Pille für den Mann: Hormonfrei und reversibel Nadine Tröbitscher, 03.06.2024 08:56 Uhr
Verhütung ist noch immer Frauensache. Eine Umfrage zeigt jedoch, dass hierzulande 70 Prozent der Menschen es „auf jeden Fall“ oder „eher“ befürworten würden, wenn auch Männer mit einer Pille zur Schwangerschaftsverhütung beitragen könnten. Doch bislang konnte sich kein Studienkandidat aufgrund der Nebenwirkungen durchsetzen. Forschende am Baylor College of Medicine haben eine hormonfreie Pille für den Mann entwickelt, die gesunde Spermien reversibel ausschaltet und im Mausmodell keine Nebenwirkungen zeigte.
Dass eine Genmutation der Serin-Threonin-Kinase 33 (STK33) zur Unfruchtbarkeit des Mannes führt, ist bereits bekannt. Forschenden ist es gelungen, das Protein auszuschalten – reversibel. Möglich macht dies das modifizierte CDD-2807, das sich als wirksamste Verbindung aus einer „Milliarden-Sammlung von Verbindungen“ herausstellte.
Die Wirksamkeit von CDD-2807 wurde im Mausmodell untersucht und anhand von verschiedenen Dosierungen und Behandlungsplänen die Spermienmotilität und -anzahl sowie die Fähigkeit, Weibchen zu befruchten, untersucht. Dabei zeigte sich, dass der Wirkstoffkandidat die Blut-Hoden-Schranke überwinden und so die Beweglichkeit und die Anzahl der Spermien beeinflussen kann, und dass in einer geringen Dosis.
Wirkung ist reversibel
„Wir waren erfreut zu sehen, dass die Mäuse keine Anzeichen von Toxizität durch die Behandlung mit CDD-2807 zeigten, dass sich die Verbindung nicht im Gehirn anreicherte und dass die Behandlung die Hodengröße nicht veränderte“, so Co-Studienautorin Courtney M. Sutton. „Wichtig ist, dass die empfängnisverhütende Wirkung reversibel war.“
Ziel des Teams ist es jetzt, CDD-2807 an Primaten zu untersuchen und herauszufinden, ob die Wirkung auf menschliche Spermien vergleichbar ist.

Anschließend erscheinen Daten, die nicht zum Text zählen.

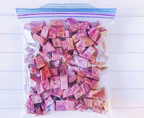 煮粥或者煮飯時(shí)加幾塊紫薯進(jìn)去味道會(huì)更加好吃,但通用我們一次不會(huì)用到一大顆紫薯,因此剩下的紫薯要切塊放冷…
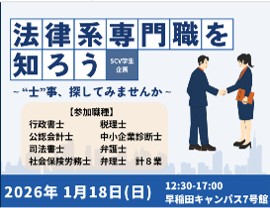法律系専門職(士業)による学生向けの合同説明会「法律系専門職を知ろう」 2026年1月18日(日) 早大キャンパス7号館
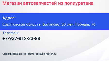 Магазин автозапчастей из полиуретана по адресу Саратовская область, Балаково, 30 лет Победы, 76 в дальнейшем Организация, размещена в следующих категориях:
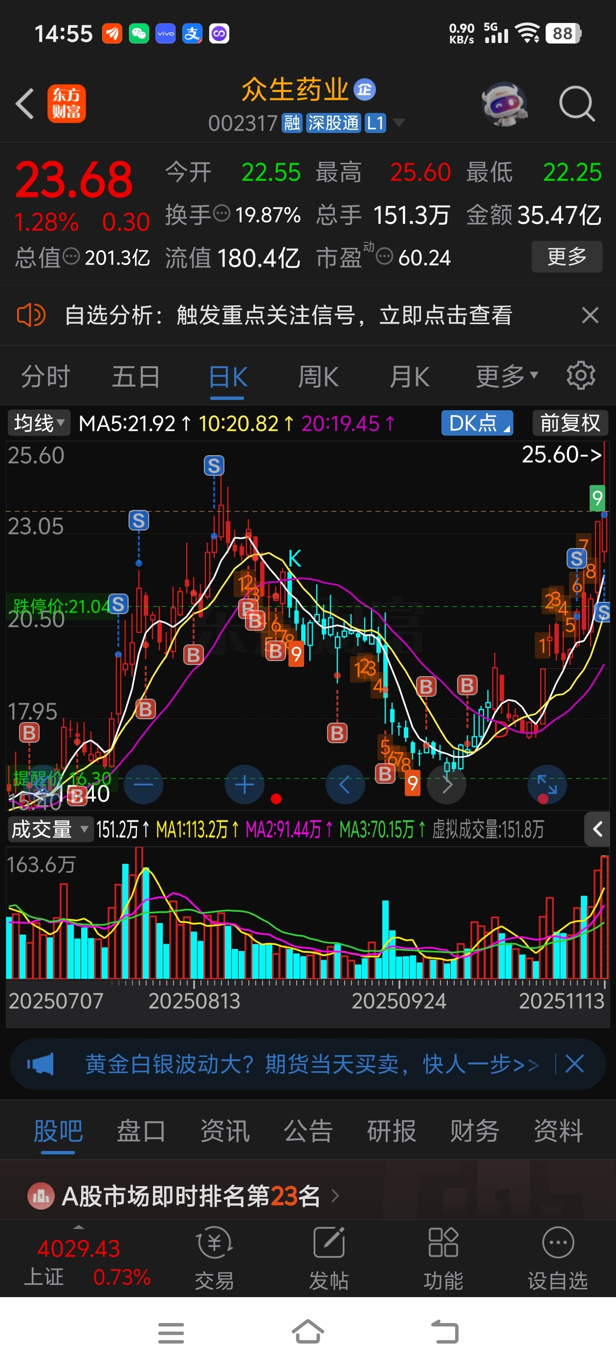 $众生药业(SZ002317)$ 今天从涨9.5个点到回落到1个多点,留下了超级长的上影线,跑路了,留下的兄弟们继续吃肉。
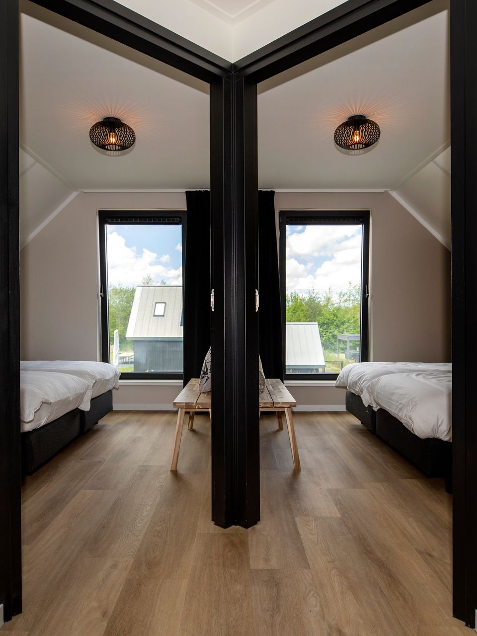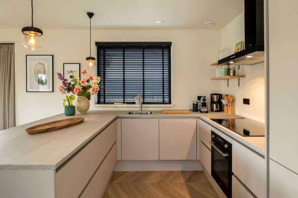 Die Villen verfügen über ein geräumiges Wohnzimmer mit Blick auf den weitläufigen Garten, das Wasser und die Wiesen. Die Einrichtung wurde elegant von Innenarchitekten gestaltet. Hier finden Sie eine gemütliche Sitzecke mit Smart-TV und einen großzügigen Esstisch. Die offene Küche gehört zum Wohnzimmer und ist mit einem Backofen/Kombi-Mikrowelle, einem Geschirrspüler und einer Kaffeemaschine ausgestattet. Die Toilette befindet sich separat am Eingang. Da die Villen im Besitz privater Eigentümer sind, unterscheiden sich die Ausstattung und Ausstattung der Villen. Das Ganze sorgt für ein persönliches Erlebnis. Die erste Etage, die über eine Treppe vom Flur aus erreichbar ist, verfügt über 4 große Doppelzimmer und 2 separate Luxusbadezimmer. Das fünfte Schlafzimmer befindet sich im Erdgeschoss und verfügt über ein eigenes Badezimmer. In allen Häusern ist ein separates Kinderbett und ein Hochstuhl vorhanden. Durch die französischen Türen im Wohnzimmer gelangen Sie in den Garten mit einer schönen sonnigen Terrasse und einem privaten Steg. Hier können Sie endlos die Ruhe und die schöne Aussicht genießen. Genießen Sie endlose Sommerabende am langen Gartentisch und nutzen Sie den Grill.

Andere hormonfreie Wirkstoffkandidaten
Eine hormonfreie und spontan einzusetzende Antibabypille für den Mann könnte laut einer US-Studie aus dem vergangenen Jahr den Durchbruch bringen. Jochen Buck und Lonny Levin vom Weill Cornell Medical College in New York forschten an dem Wirkstoff TDI-11861. Dieser wurde erstmals erfolgreich an Mäusen getestet. DI-11861 hemmt in männlichen Mäusen die lösliche Adenylcyclase (sAC). Die Spontanpille soll kurz vor dem Sex eingenommen werden.

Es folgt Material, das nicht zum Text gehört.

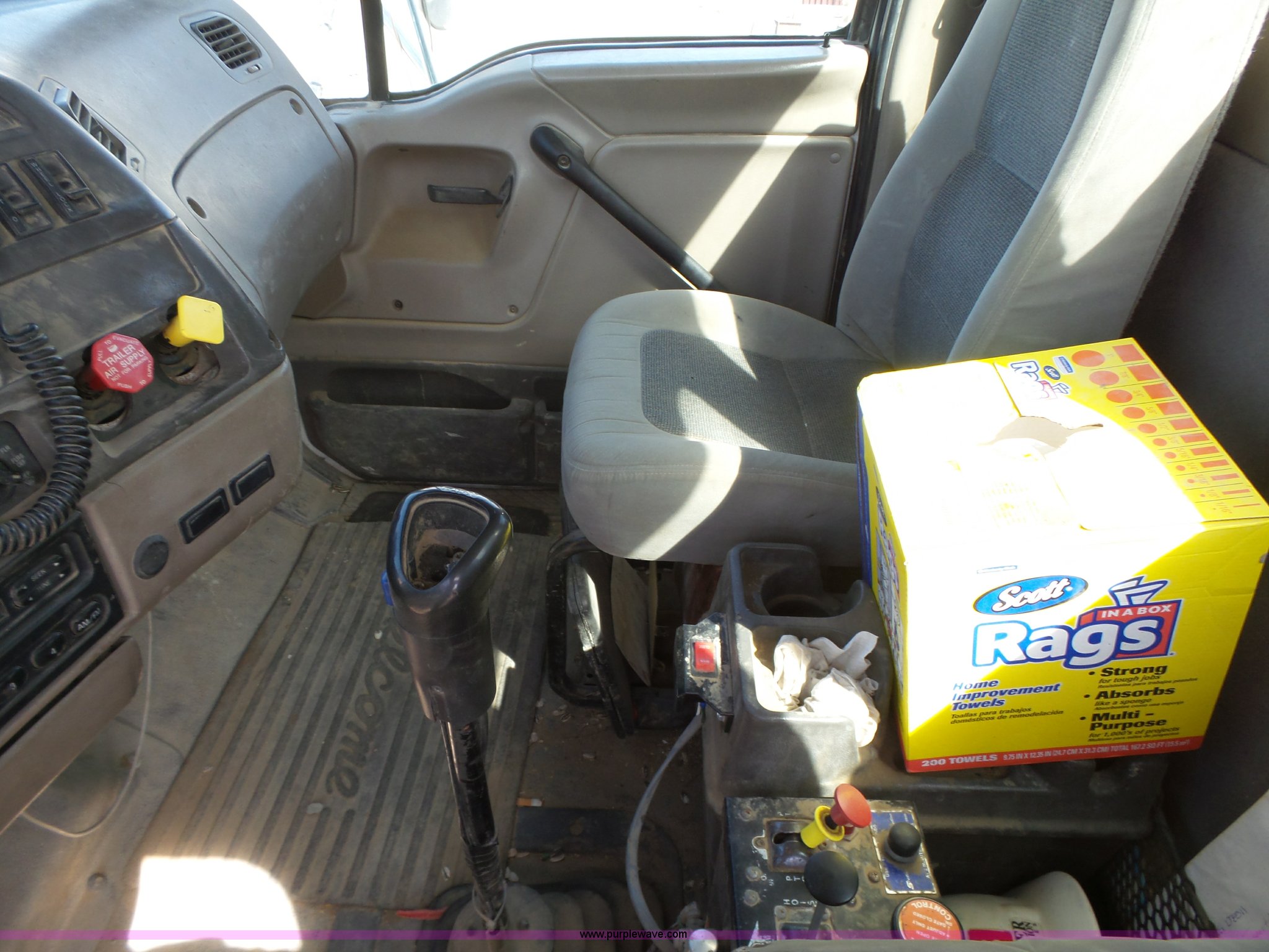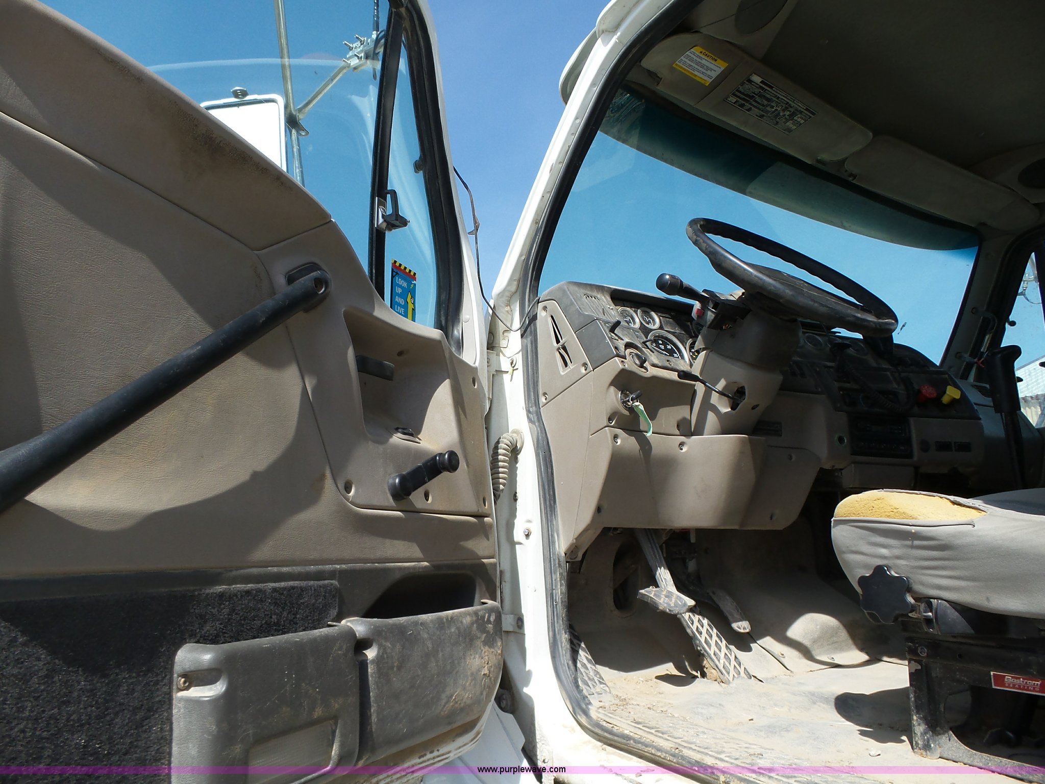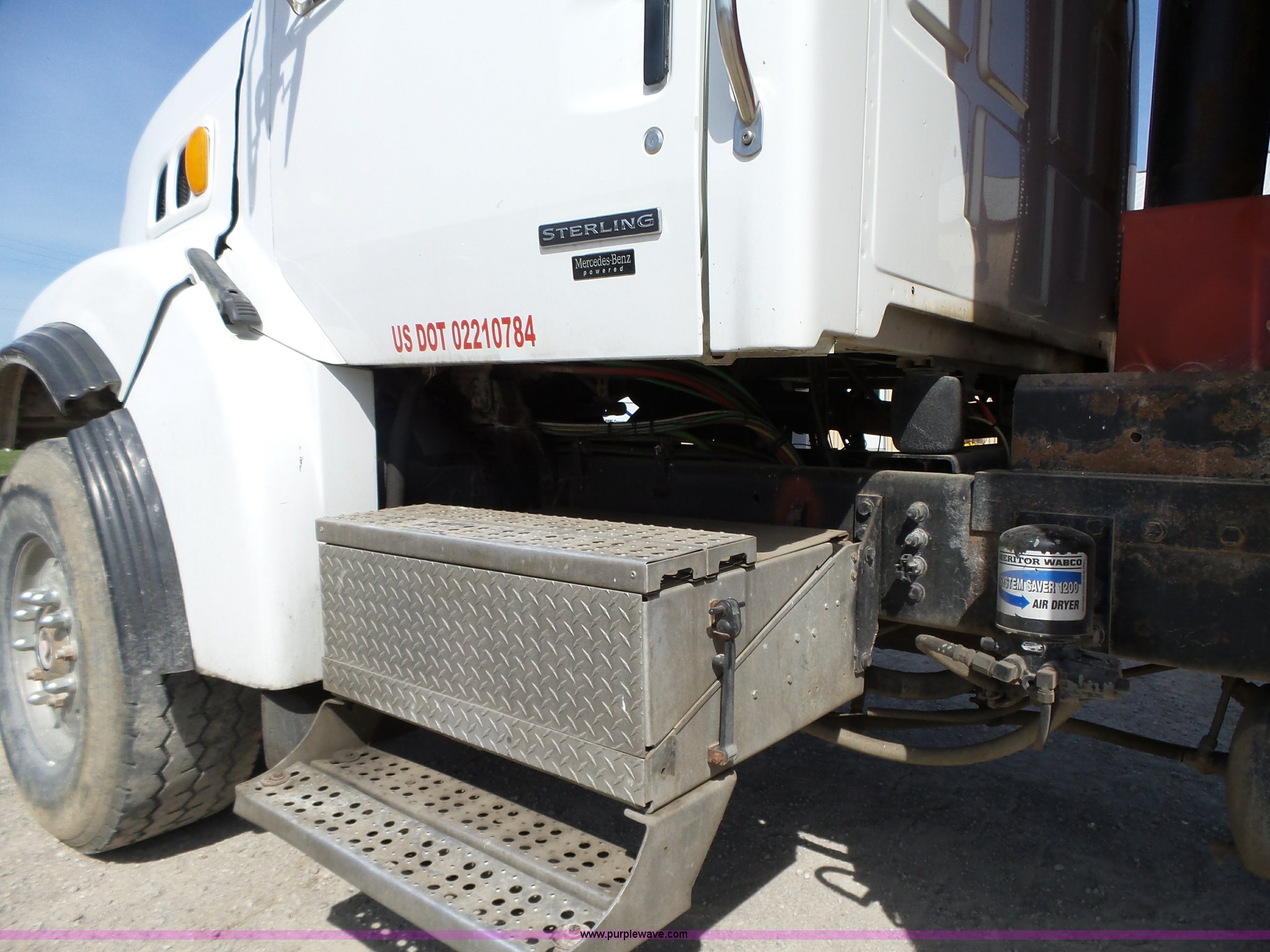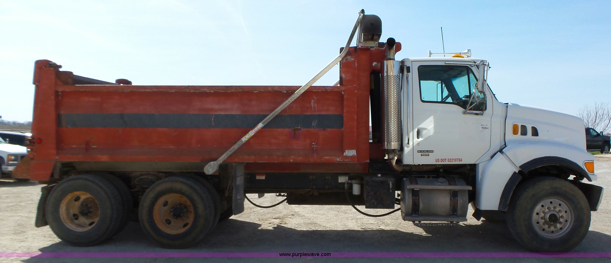 Purple Wave is selling a used Construction Dump Truck in Iowa. This item is a 2005 Sterling L8500 dump truck with the following: 233,212 miles on odometer, 12,871 hours on meter, Miles and hours may vary, vehicle is still in use, Mercedes-Benz MBE900 7.2L L6 turbo diesel engine, Eaton Fuller Road Ranger eight speed manual transmission, Inter-axle differential lock, Tandem axle, AC and heat, Tilt, Cruise, AM/FM, Power windows, Heated mirrors, Air suspension seat, Exterior visor, PTO, Beau-Roc DH245121-DA aluminum dump bed, 16'L x 96"W, 42" side height, 8" left side board height, Single ram hoist, Air operated end gate, Roll-over tarp, Single fuel tank, Receiver hitch, Trailer wiring, 246" wheelbase, Spring suspension, Air brakes, 425/65R22.5 front tires, 11R22.5 rear tires, GVWR 58,000 lbs, FAWR 18,000 lbs, IAWR 20,000 lbs, RAWR 20,000 lbs, Annual inspection completed August 2015, Two way radio is not included, Non-operational speedometer, Driver's door needs adjusted, Grill broken

2022 war YCT529 im Gespräch. Der Wirkstoffkandidat konnte die Spermienproduktion innerhalb von vier Wochen drastisch verringern – zumindest im Tierversuch. Eine entscheidende Rolle spielt Vitamin A, das an der Bildung von Spermien beteiligt ist. In den Hoden befinden sich Vitamin-A-Rezeptoren. Kommt kein Vitamin A an, so werden die Rezeptoren grob gesagt nicht stimuliert und die Bildung von Spermien bleibt aus. Der Wirkstoff besetzt als Inhibitor diese Retinsäurerezeptoren, sodass ankommendes Vitamin A nicht andocken kann – der Mann kann keine Spermien produzieren.